Fondaras shrugged. “I let them. Every wise man was once a young fool. Experience and failure are excellent instructors.”
“Learning from our mistakes is the path to wisdom,” I agreed.
“No,” chuckled Fondaras. “Learning from our mistakes is common sense. Learning from other people’s mistakes is wisdom. I need not pick up a coal to see if it’s hot, if I’ve seen you do the same. Sometimes the price of knowledge is mere observation and contemplation.”
I considered that in silence as we approached the far shore of the lake, where a wooden dock suddenly emerged from the mists.
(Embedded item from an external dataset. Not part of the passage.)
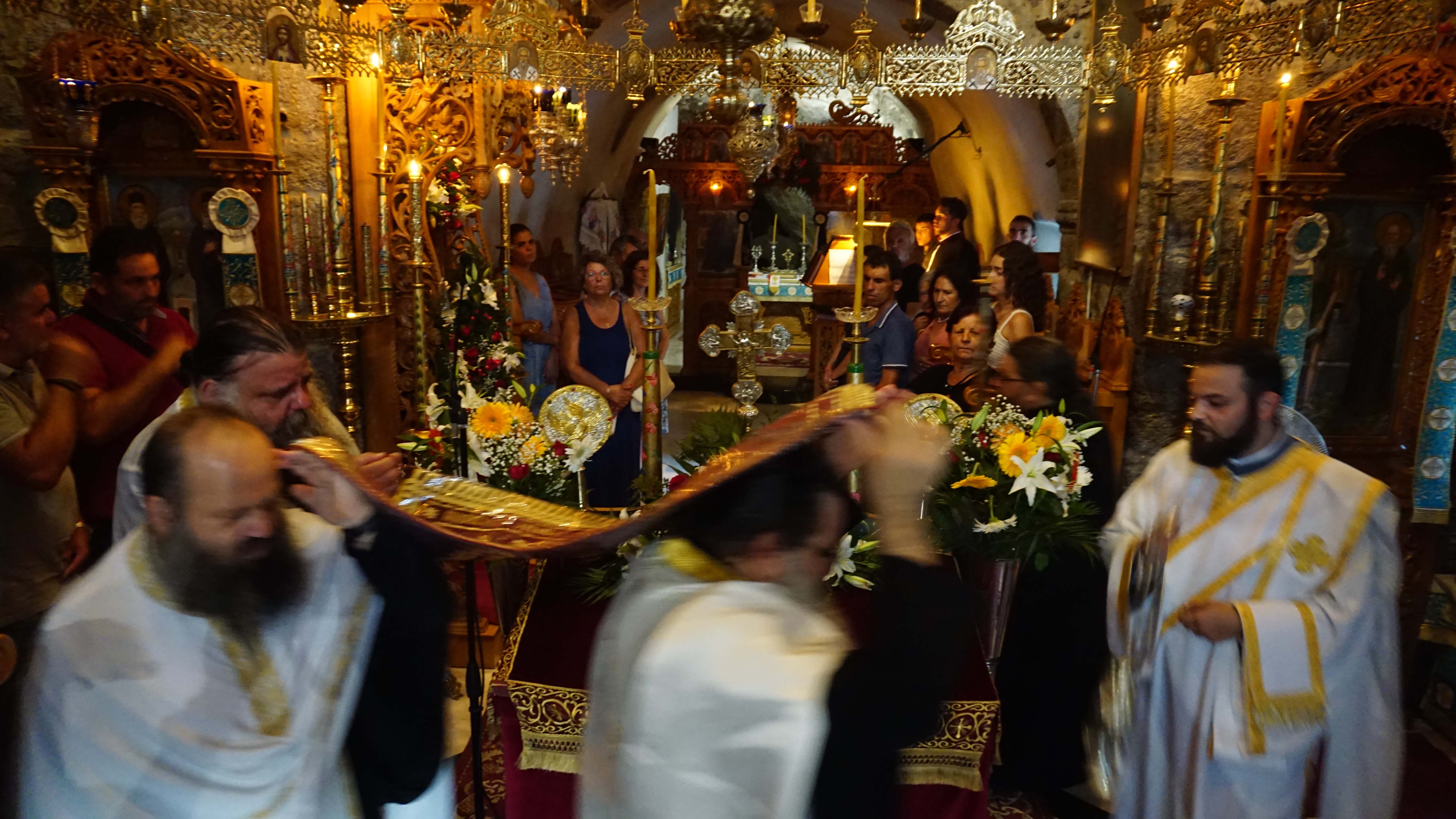 Εσπερινός Κοιμήσεως της Θεοτόκου, στην εορτάζουσα Ι. Μονή Κουδουμά, 14/8/2024.

There were a few people on the shore, we saw, as the Kasari guided the little skiff to it and tied it off.
The people proved to be Lord Kanset and a few of his men.
“Lady Lilastien sent us to welcome you,” he said, as he helped Alya from the boat. “Did you have a good journey across the Hot Lake?”
“My pores have never been clearer. How is your father?” Alya asked, concerned.
“In fine spirits, now that the poppy haze is clearing from his head,” Kanset reported, proudly. “We shall know how he walks and how much pain he is in by this evening, according to the Sorceress. How was your journey to Lakeshire and Grost Kilnuskum?
“Eventful,” I chuckled, as I stretched on the dock and retrieved my plasma rifle. “I’ll fill you in over dinner, this evening. This is a fascinating little land, and the inhabitants are just as interesting as the landscape.”
“I always thought it was a bit boring, actually,” Kanset admitted. “Until you go north, into the wild. Then it’s far too exciting. Come along,” he urged. “I have horses waiting for you. But it is only a short ride.”
Indeed, the route from the dock to the long ramp up to the Cave of the Ancients did not take terribly long to traverse, although we had to dismount and lead the horses across the narrow path that skirted the great boulder along the way. Once we arrived at the meadow, I saw that it had been somewhat transformed. There was a pavilion erected upon it, and a small camp where the Anferny men had been living while they waited for their master to be healed.